I'm leaving this open until we update the readme describing all the new models and the models in main.py. All of the existing Zenodo URLs from version 1.0 like https://zenodo.org/records/11051645/files/METL-G-20M-1D-D72M9aEp.pt?download=1 will still work, but we can also replace the version identify in the URL to https://zenodo.org/records/13377502/files/METL-G-20M-1D-D72M9aEp.pt?download=1 if we want. I copied all version 1.0 files to version 2.0 as well.

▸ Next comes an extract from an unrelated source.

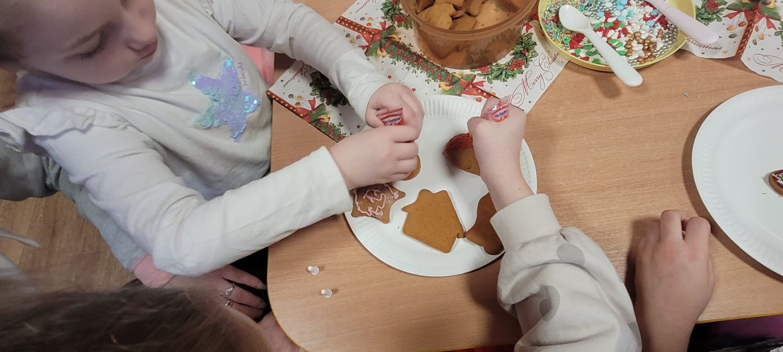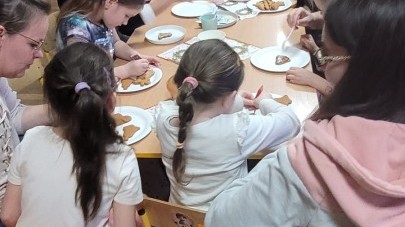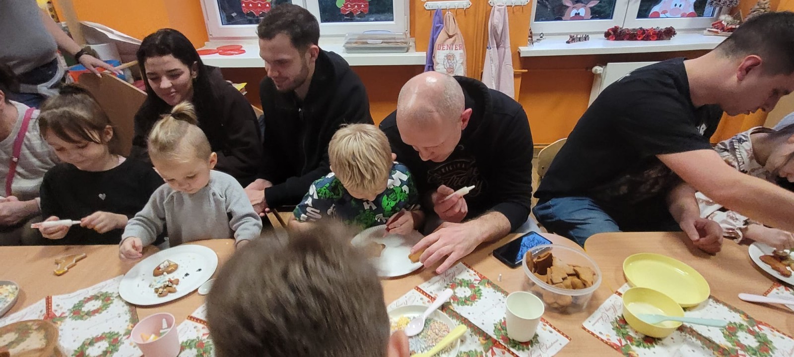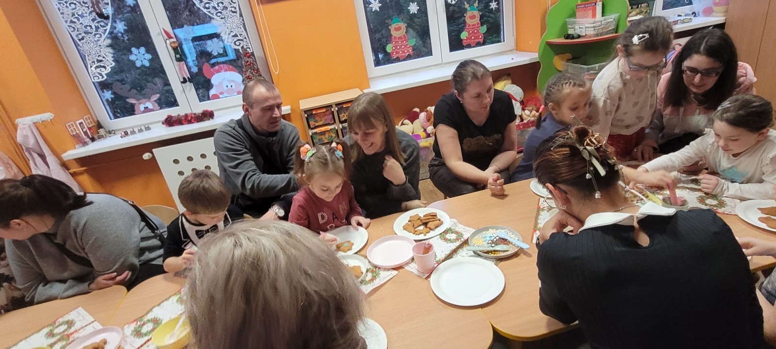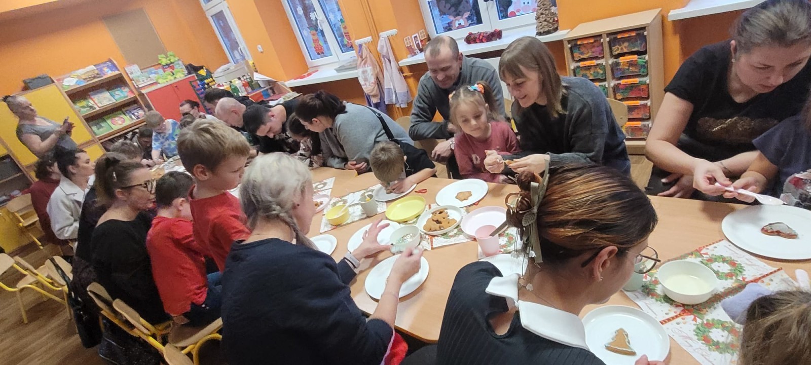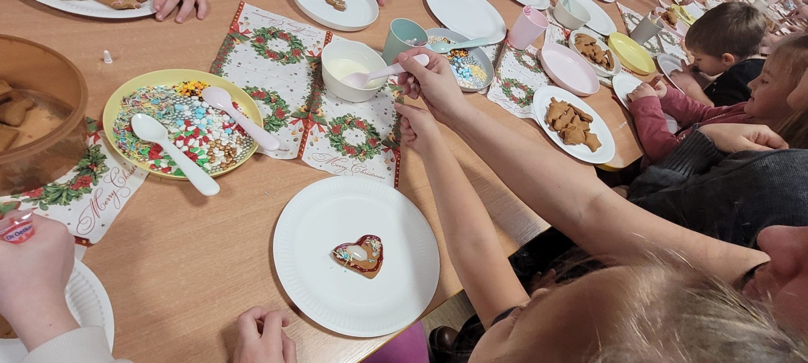 Podczas spotkania uczestnicy z ogromnym zaangażowaniem zdobili świąteczne pierniczki. Wspólna praca sprzyjała integracji, rozwijała kreatywność dzieci oraz umacniała więzi rodzinne. Rodzice chętnie wspierali swoje pociechy, a dzieci z dumą prezentowały efekty swojej twórczości.

Our naming convention isn't very clear about distinguishing the METL-Local GFP models that were training on most of the data versus the low-N models:

FT-METL-L-2M-3D-GFP-PEkeRuxb.pt
FT-METL-L-3D-GFP-LWEY95Yb.pt

so let's be sure that is clear in the readme.

The final step will be updating the model list in the Colab notebook.